Winsor McCay's classic Sunday comic strip, Little Nemo in Slumberland, turns 100 years old this month, but the turn-of-the-century strip couldn't look better in a new, lavishly produced book that collects 110 of McCay's magnificently illustrated, full-color Sunday strips, completely restored and reproduced in their original dimensions.

This oversized hardcover edition, Little Nemo in Slumberland: So Many Splendid Sundays! , will be published by Sunday Press Books on October 15, the 100th anniversary of the strip's debut in the New York Herald. The project reproduces McCay's strip at its original full broadsheet newspaper size (16 x 22 inches) in full color.

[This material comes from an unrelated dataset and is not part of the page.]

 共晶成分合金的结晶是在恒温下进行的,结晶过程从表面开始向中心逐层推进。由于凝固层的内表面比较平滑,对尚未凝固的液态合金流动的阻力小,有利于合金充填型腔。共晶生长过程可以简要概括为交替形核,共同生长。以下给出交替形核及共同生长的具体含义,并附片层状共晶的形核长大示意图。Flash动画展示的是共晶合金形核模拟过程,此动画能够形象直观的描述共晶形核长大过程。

The book is published and edited by Peter Maresca, a comics collector, digital entrepreneur and founder of Sunday Press, who has worked tirelessly to re-create the color and print quality of Little Nemo's original newspaper publication. The price is a hefty $120, but the book will still likely be very attractive to comics fans as well as libraries. The initial printing is roughly 5,000 copies.

Hailed as one of the most beautifully illustrated and intricately designed comics strips ever produced, Winsor McCay's Little Nemo in Slumberland was first published in 1905. The strip chronicles the nightly dreams of Nemo, a little New York City boy summoned to slumberland by the king of dreams. In the last panel of every strip, Nemo wakes up, interrupting his latest dream adventure.

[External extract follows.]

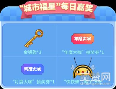“年度大咖”抽奖券:领取“城市福星”每日嘉奖即可获得,在整个活动期间均有效。活动结束后,将会从所有“年度大咖”抽奖券中抽取3位幸运玩家,赠送“超级大咖”365天资格!

Maresca is a comics collector who originally became obsessed with the McCay strip after he purchased a large collection of newspaper comics in the 1970s. "Nemo just struck me," says Maresca. "This was in the 1970s and because the strip was so strange and psychedelic, I figured McCay must have been on drugs. But McCay was just a drawing genius and his comics collected his childhood dreams."

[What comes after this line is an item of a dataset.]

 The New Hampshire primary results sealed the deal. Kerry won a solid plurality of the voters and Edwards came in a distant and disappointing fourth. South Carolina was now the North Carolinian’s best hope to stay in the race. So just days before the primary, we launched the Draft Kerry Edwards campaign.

Over the years, Maresca tried to get publishers interested in a full-size reprint of the broadsheet strip but all were reluctant. "I knew the 100th anniversary was coming," he says, "so in 2004 I decided to do it myself." With the assistance of Art Spiegelman and comics collector and author Bill Blackbeard, Maresca was able to convince French designer Philippe Ghielmetti to design the book. Maresca selected 115 comics from his own collection. He scanned the material and did corrections and restoration work himself—removing yellowing, stains and tears, but leaving in original color bleeds and misregistrations—spending an average of five to six hours, sometimes more, restoring each strip.

"I wanted to duplicate how the comics looked when they were new," says Maresca. "You can get a sense of what the color was like. This was before radio and TV. It was the first time that we had a mass culture product that was read by everyone at the same time on Sunday morning."

Maresca declined to say how much the book cost to publish. "I may take a shower," says Maresca, "but it won't be a bath."